» **What needs to be done**
Your answer must be an exact transcription of every record below, with the pictures omitted.

» **Data to examine**
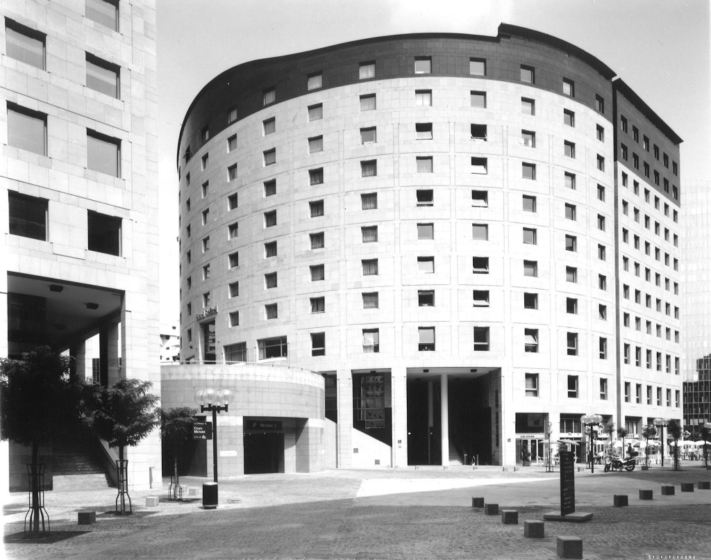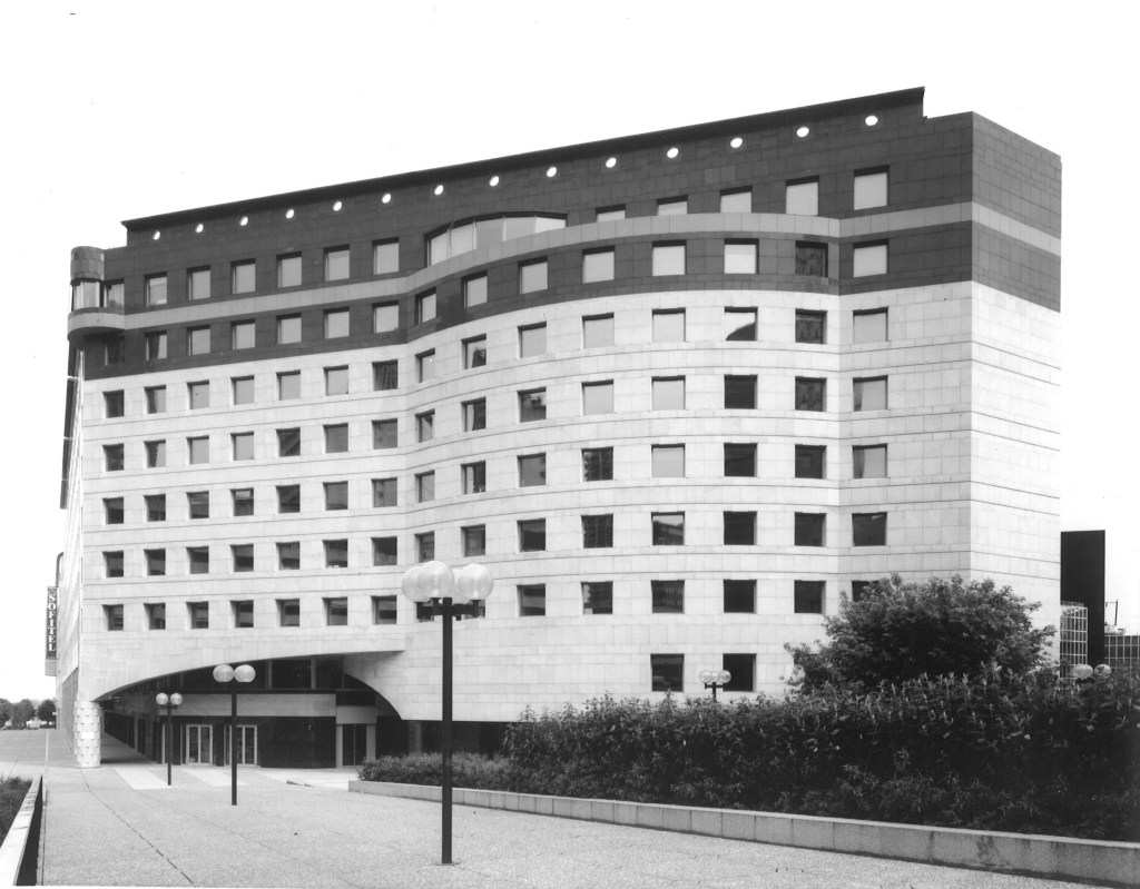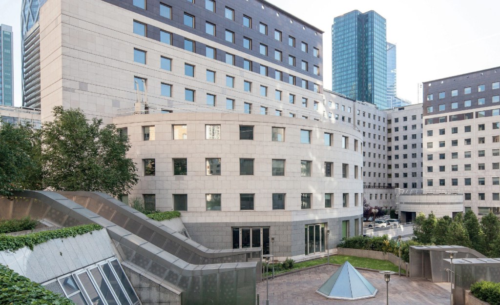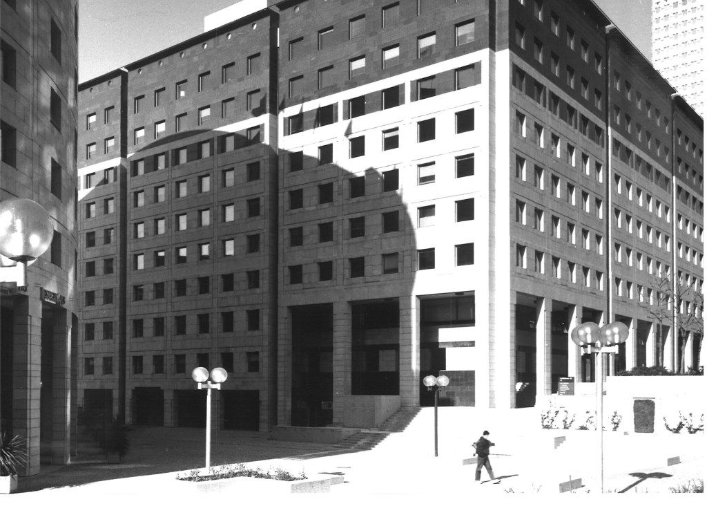Il complesso di uffici è situato nella parte bassa dell’Esplanade che forma l’asse centrale de La Défense. Scendendo l’Esplanade in direzione Parigi, si scopre da lontano la testata dell’IBM piegata a 45 gradi con la grande apertura dei due archi incrociati. Il complesso delimita il fronte sud di un corso alberato che costituisce l’unico vero “spazio urbano” del quartiere. Già da lontano si percepisce la suddivisione del complesso in più “case” il cui ritmo evoca quello di un “boulevard” parigino, mentre la massa muraria viene caratterizzata dai due colori della pietra, con il coronamento in porfido levigato che rispecchia il cielo. Le grandi aperture ad arco nella testata dell’IBM e nella testata opposta verso parigi segnano chiaramente gli ingressi principali. Entrati nella hall si scopre un ampio spazio organizzato su tre livelli connessi visivamente.
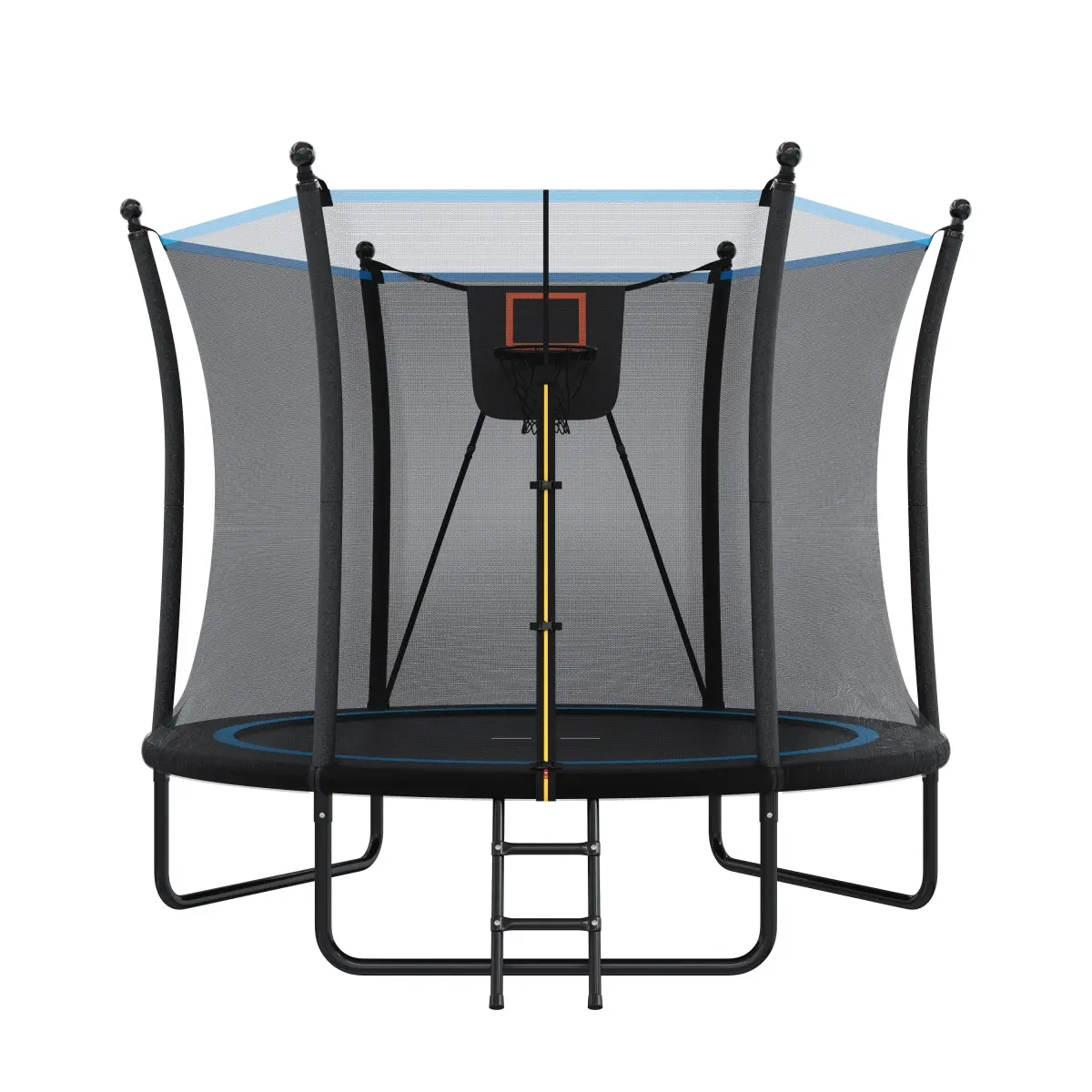 ·8 FT Trampoline with Safety Enclosure – Equipped with 6 high enclosure poles and a UV-proof trampoline enclosure net. Foam-padded poles provide protection while jumping.
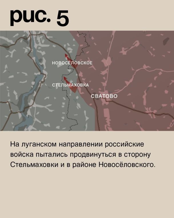 На луганском направлении российские войска пытались продвинуться в сторону Стельмаховки и в районе Новосёловского. (Рис. 5)
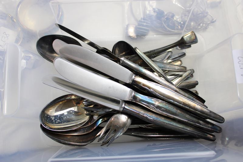 90er Versilberung, Gabeln Löffel etc. 1114 g, Messer 442 g
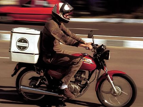 Já para a motocicleta, é necessário registro da moto como de aluguel (placa vermelha), inspeção semestral, antena aparadora de linha de cerol, e sidecar (compartimento de carga com roda adapatada ao lado da moto) para transporte de botijões de gás com capacidade de máxima de 13 kg e de galões de água mineral com capacidade máxima de 20 litros. O transporte de passageiros (mototaxi) continua sendo proíbido, assim como transportar combustíveis inflamáveis ou produtos tóxicos.

» **Exercise answer**
Il complesso di uffici è situato nella parte bassa dell’Esplanade che forma l’asse centrale de La Défense. Scendendo l’Esplanade in direzione Parigi, si scopre da lontano la testata dell’IBM piegata a 45 gradi con la grande apertura dei due archi incrociati. Il complesso delimita il fronte sud di un corso alberato che costituisce l’unico vero “spazio urbano” del quartiere. Già da lontano si percepisce la suddivisione del complesso in più “case” il cui ritmo evoca quello di un “boulevard” parigino, mentre la massa muraria viene caratterizzata dai due colori della pietra, con il coronamento in porfido levigato che rispecchia il cielo. Le grandi aperture ad arco nella testata dell’IBM e nella testata opposta verso parigi segnano chiaramente gli ingressi principali. Entrati nella hall si scopre un ampio spazio organizzato su tre livelli connessi visivamente.
 ·8 FT Trampoline with Safety Enclosure – Equipped with 6 high enclosure poles and a UV-proof trampoline enclosure net. Foam-padded poles provide protection while jumping.
 На луганском направлении российские войска пытались продвинуться в сторону Стельмаховки и в районе Новосёловского. (Рис. 5)
 90er Versilberung, Gabeln Löffel etc. 1114 g, Messer 442 g
 Já para a motocicleta, é necessário registro da moto como de aluguel (placa vermelha), inspeção semestral, antena aparadora de linha de cerol, e sidecar (compartimento de carga com roda adapatada ao lado da moto) para transporte de botijões de gás com capacidade de máxima de 13 kg e de galões de água mineral com capacidade máxima de 20 litros. O transporte de passageiros (mototaxi) continua sendo proíbido, assim como transportar combustíveis inflamáveis ou produtos tóxicos.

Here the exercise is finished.